BEGIN DATA TO USE

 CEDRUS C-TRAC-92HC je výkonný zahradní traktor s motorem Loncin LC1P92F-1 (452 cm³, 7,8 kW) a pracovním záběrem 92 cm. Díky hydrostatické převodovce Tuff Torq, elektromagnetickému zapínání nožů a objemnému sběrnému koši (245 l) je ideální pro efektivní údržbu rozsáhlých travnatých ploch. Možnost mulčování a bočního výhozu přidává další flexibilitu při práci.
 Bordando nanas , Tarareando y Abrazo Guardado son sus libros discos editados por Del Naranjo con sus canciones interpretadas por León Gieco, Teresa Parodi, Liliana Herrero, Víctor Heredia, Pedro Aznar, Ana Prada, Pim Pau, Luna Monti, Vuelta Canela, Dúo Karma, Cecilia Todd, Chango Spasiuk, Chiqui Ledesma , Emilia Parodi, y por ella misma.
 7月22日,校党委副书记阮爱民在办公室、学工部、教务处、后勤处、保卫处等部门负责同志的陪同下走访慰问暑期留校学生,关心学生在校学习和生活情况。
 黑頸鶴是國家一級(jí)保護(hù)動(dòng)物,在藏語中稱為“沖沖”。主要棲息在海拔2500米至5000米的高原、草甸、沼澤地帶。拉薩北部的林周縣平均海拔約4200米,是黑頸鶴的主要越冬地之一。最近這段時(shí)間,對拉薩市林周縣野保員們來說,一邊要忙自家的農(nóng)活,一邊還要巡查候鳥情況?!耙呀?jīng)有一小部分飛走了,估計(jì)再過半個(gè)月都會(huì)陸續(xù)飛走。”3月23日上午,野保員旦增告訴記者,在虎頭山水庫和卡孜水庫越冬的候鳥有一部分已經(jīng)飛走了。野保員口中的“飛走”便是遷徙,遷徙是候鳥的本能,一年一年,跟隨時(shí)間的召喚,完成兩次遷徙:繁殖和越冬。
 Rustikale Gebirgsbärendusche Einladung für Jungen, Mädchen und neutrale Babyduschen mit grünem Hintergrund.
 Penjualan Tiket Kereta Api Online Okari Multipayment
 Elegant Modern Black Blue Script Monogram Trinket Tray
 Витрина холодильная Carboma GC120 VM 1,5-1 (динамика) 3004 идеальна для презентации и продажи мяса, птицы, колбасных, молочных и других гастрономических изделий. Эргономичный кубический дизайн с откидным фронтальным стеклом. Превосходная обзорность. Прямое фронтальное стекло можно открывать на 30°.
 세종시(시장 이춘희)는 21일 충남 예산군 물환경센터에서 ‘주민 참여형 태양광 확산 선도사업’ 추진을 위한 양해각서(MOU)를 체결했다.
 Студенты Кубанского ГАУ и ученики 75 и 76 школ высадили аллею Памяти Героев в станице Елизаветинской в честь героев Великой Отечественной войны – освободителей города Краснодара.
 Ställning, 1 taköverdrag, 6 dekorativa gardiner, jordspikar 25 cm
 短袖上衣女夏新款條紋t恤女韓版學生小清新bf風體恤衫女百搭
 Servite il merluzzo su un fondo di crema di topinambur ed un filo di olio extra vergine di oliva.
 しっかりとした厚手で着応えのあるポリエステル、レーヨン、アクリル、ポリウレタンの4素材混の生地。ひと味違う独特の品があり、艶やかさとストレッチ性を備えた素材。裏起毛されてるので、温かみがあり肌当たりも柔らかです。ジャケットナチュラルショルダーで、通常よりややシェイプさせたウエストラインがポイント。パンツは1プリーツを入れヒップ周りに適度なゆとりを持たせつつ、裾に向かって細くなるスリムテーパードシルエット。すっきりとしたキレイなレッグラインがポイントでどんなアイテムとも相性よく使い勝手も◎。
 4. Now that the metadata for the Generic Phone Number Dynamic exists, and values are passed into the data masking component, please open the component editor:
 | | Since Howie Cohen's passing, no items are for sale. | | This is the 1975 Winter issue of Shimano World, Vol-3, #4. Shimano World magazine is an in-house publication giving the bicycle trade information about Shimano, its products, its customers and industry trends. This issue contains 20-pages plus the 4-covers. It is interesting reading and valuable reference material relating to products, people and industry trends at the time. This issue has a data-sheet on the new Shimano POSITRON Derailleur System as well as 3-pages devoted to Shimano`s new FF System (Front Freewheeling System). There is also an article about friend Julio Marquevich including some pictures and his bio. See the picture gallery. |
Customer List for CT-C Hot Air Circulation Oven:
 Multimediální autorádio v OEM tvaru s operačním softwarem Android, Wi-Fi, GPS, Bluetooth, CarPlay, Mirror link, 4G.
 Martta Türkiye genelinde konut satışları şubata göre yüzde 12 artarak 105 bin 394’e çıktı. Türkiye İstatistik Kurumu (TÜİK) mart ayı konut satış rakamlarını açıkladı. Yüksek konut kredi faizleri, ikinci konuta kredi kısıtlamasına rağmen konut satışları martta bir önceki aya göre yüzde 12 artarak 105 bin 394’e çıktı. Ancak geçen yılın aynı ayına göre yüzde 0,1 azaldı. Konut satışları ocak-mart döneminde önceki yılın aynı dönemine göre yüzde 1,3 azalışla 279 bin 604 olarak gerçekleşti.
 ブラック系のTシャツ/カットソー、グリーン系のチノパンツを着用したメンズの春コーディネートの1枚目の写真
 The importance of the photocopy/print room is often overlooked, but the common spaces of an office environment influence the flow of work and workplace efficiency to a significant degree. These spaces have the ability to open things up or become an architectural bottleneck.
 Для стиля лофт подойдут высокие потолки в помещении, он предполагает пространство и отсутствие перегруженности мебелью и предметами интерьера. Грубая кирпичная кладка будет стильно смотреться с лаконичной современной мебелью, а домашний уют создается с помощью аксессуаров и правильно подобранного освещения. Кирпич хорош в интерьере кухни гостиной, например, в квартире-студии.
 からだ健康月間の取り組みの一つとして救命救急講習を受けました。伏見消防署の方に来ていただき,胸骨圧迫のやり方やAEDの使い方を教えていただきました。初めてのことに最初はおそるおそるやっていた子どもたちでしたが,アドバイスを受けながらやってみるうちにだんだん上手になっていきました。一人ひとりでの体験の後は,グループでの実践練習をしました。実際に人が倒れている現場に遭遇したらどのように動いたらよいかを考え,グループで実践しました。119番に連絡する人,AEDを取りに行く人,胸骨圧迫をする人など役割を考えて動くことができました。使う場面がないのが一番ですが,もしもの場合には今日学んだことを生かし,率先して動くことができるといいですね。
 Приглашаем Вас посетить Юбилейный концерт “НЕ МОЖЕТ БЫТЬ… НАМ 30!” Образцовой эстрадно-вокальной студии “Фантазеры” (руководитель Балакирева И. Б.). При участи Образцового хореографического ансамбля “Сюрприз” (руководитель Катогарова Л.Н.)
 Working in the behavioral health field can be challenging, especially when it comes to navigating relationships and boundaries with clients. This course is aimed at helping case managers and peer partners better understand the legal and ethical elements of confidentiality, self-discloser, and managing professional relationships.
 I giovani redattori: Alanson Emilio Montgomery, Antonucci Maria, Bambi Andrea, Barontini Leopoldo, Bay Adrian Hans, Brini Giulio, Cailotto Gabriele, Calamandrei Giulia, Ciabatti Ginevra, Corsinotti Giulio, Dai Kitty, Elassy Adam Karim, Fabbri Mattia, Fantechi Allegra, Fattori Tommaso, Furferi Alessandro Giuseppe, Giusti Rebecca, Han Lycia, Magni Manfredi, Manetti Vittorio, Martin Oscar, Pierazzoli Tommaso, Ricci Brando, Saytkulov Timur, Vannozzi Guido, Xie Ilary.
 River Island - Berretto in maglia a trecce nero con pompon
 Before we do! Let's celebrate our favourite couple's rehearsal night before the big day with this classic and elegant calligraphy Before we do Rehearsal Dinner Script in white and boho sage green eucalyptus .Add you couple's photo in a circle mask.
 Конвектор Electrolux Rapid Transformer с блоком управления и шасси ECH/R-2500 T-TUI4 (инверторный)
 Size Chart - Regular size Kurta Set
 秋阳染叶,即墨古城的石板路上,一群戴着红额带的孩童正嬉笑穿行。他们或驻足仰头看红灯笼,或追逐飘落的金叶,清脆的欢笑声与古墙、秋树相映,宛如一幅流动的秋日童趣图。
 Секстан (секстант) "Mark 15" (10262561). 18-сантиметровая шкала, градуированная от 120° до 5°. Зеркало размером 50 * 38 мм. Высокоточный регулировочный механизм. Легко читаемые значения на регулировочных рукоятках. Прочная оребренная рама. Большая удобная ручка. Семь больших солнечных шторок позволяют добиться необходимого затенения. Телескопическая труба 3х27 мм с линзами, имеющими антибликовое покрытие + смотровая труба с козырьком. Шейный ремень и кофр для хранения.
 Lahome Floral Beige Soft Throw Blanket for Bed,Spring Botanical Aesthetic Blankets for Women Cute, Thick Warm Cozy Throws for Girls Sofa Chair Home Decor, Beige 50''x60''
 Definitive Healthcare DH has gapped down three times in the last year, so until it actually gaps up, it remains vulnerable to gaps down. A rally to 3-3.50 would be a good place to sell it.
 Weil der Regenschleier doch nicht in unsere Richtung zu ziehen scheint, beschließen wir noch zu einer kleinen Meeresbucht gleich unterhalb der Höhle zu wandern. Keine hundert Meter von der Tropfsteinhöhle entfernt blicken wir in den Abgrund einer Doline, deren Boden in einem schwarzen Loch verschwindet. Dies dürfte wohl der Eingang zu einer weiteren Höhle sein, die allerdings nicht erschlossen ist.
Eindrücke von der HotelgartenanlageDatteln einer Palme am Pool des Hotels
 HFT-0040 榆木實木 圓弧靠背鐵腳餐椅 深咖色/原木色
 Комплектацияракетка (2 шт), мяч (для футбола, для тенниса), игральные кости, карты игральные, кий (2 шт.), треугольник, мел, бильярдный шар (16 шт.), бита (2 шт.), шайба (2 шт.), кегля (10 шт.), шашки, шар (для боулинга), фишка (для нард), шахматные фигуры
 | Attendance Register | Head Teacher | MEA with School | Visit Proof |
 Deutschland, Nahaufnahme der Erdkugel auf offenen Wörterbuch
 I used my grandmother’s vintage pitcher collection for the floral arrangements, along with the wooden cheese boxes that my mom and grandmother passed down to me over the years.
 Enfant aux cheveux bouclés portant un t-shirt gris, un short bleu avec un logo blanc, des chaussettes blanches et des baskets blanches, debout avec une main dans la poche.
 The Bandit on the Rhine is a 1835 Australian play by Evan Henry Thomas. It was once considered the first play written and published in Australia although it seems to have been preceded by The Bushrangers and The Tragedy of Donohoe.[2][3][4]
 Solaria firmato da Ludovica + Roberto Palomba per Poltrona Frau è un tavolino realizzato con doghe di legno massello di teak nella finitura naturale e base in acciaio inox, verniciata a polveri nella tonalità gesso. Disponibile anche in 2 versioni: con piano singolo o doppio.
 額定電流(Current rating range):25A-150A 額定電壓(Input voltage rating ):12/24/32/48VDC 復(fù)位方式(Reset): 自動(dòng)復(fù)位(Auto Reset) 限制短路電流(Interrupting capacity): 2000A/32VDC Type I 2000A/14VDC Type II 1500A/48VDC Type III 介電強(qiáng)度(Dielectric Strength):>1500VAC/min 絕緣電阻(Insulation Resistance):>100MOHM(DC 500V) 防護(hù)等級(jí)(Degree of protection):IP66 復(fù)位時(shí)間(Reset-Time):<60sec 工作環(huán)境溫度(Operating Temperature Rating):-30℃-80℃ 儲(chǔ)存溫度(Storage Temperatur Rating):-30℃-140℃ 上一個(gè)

END DATA TO USE

**TASK INSTRUCTIONS**
All lines of the records above with the word "have" in them are to be copied.

**EXERCISE RESPONSE**
 The importance of the photocopy/print room is often overlooked, but the common spaces of an office environment influence the flow of work and workplace efficiency to a significant degree. These spaces have the ability to open things up or become an architectural bottleneck.
 The Bandit on the Rhine is a 1835 Australian play by Evan Henry Thomas. It was once considered the first play written and published in Australia although it seems to have been preceded by The Bushrangers and The Tragedy of Donohoe.[2][3][4]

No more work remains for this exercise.